PM – Sim. Inclusive vendo, tentando ver, a expressão poética em episódios que, comumente, são vistos como antipoéticos. Onde estaria a poesia num episódio urbano relacionado à morte de um cidadão anônimo por atropelamento, numa avenida da cidade? Mas, e se nós pegarmos aí o episódio morte, como sendo uma das incógnitas para a espécie humana: o que vem a ser a morte? por que morremos? e o que nos faz morrer? A morte absurda de um ser humano, dentro do espaço urbano de uma cidade, onde as pessoas que lidam com o trânsito – aquelas que têm a responsabilidade de discipliná-lo, não o disciplinam bem; e as que têm a responsabilidade de seguir as orientações de sinalização, não as seguem. É que, na verdade, os responsáveis pelos episódios de morte, somos nós próprios: não é o fato de existirem ciclistas, pedestres, motociclistas e condutores de automóveis ou de caminhões, ou de ônibus, que faz com que aconteça ou deixe de acontecer acidentes. E, depois, como é que esse episódio é recepcionado por outros seres humanos... que eu destaco, em dois momentos, o episódio um, um poema que faz referência ao episódio de morte de um ciclista por atropelamento, e o episódio de um pedestre. Tanto o ciclista quanto pedestre, eles são apenas uma atração de curiosidade para os outros seres humanos que habitam a cidade, mas em nenhum momento há manifestação, por exemplo, de solidariedade, com a prestação de socorro. Então, isso, que teria sido um material antipoético, eu tentei - não sei se consegui, eu procurei transformar em poesia. Como também episódios humanos menores, também considerados menores e até antipoéticos, como a presença de uma. mendiga numa rua do centro da cidade, que pessoas passam por ela diariamente e nem se apercebem da existência dela; até mesmo quando ela deixa de existir, as pessoas também não se apercebem dessa inexistência - é o caso do resgate de vida da Madalena, que era uma mendiga que fazia ponto de mendicância na Simplício Mendes, no centro antigo, no perímetro urbano da cidade de Teresina. Ou a presença do que, hoje, seriam meninos de rua (não por outras razões, no momento em que eu presencie o episódio, eram negros, e eu os evoquei como sendo "negrinhos descarnados"), que estavam a catar laranjas e limões podres no mercado central da cidade de Teresina...

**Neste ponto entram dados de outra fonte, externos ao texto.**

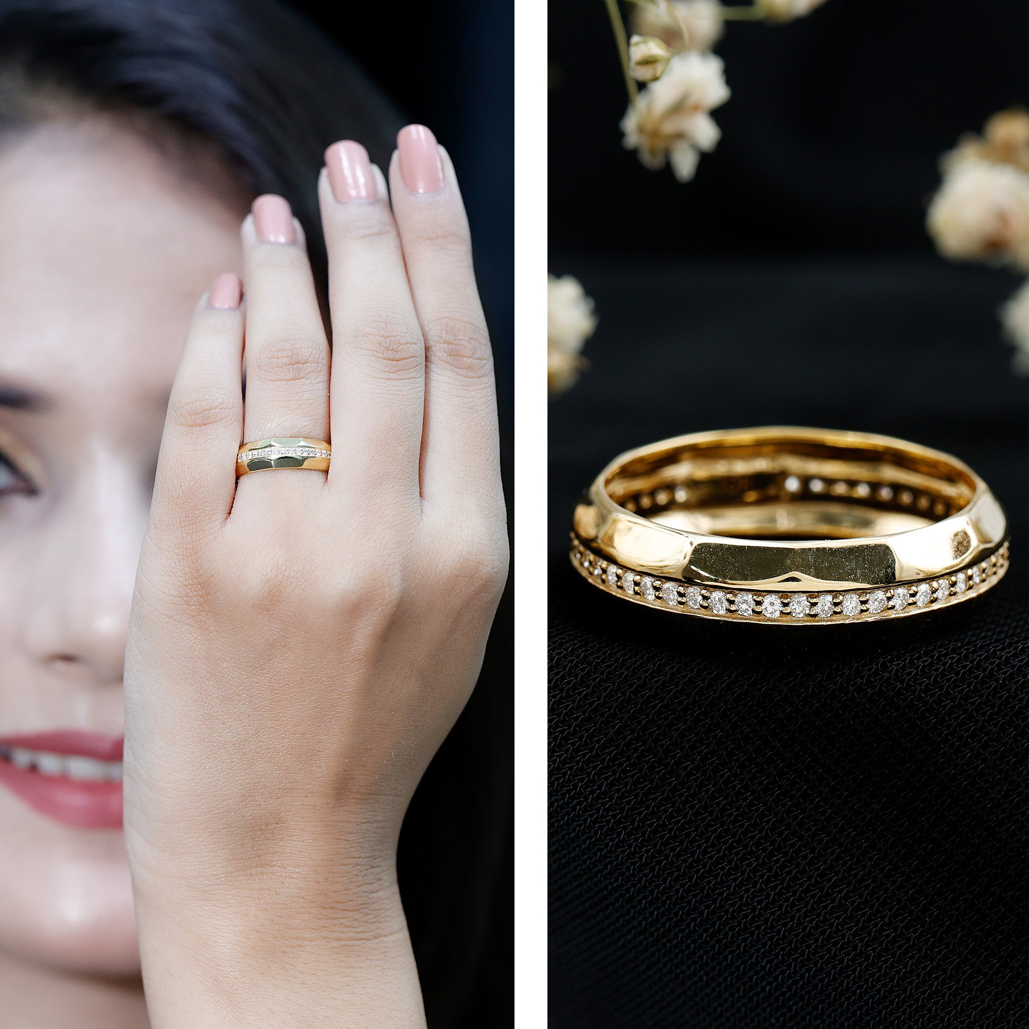 Capture the essence of everlasting love with an eye-catching Diamond Eternity Band Ring. This exquisite ring features a continuous loop of brilliant, Round Diamond that symbolize an unending bond. This timeless piece exudes elegance and sophistication with textured gold on the band. The sparkle of each diamond is accentuated by the carefully crafted Prong Setting, ensuring maximum brilliance from every angle with this Wedding Band Ring. Whether worn alone or paired with an engagement ring, this Eternity Wedding Ring radiates timeless beauty and serves as a powerful emblem of enduring commitment. Celebrate your love story with a symbol as eternal as your devotion with this April Birthstone Ring.

Elias Paz e Silva - Paulo, nesse sentido, a tua poesia, o teu poema, a tua poética é um testemunho histórico - aquilo que você viu, captou e transformou isto em emoção estética.

PM - Quase sempre, porque às vezes também lanço mão de informações obtidas de outros...

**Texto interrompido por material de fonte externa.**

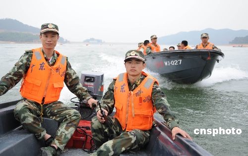 图:广东武警水上突击抢险队进行抗洪演练(5)

Elias Paz e Silva - Mas também é história.

PM - Sim. Também é história contemporânea o episódio não presenciado ou testemunhado por mim, resgatado de relatos, do relato oral de outras pessoas que testemunharam estes episódios, a não ser quando, num determinado momento, eu trabalhei, especificamente, com o que também é dito como algo antipoético, e tem a ver, no caso, com a história pessoal - seria resgatar um documento em relação ao meu avô... e eu tentei também, a partir do documento, com a linguagem, inclusive através da qual o documento tinha sido escrito, transformá-lo numa matéria poética...

“NO MEU CASO, EU TENTEI TRABALHAR COM O FATOR DETERMINANTE TEMPO, COMO CONDUTOR DA ELABORAÇÃO DOS TEXTOS”.

Elias Paz e Silva - E o tempo, Paulo - no “Libertinagem” você trabalha com tempos verbais -, como entra a questão do tempo, o tempo histórico, o tempo não-linear, do tempo eterno, como que entra no teu trabalho?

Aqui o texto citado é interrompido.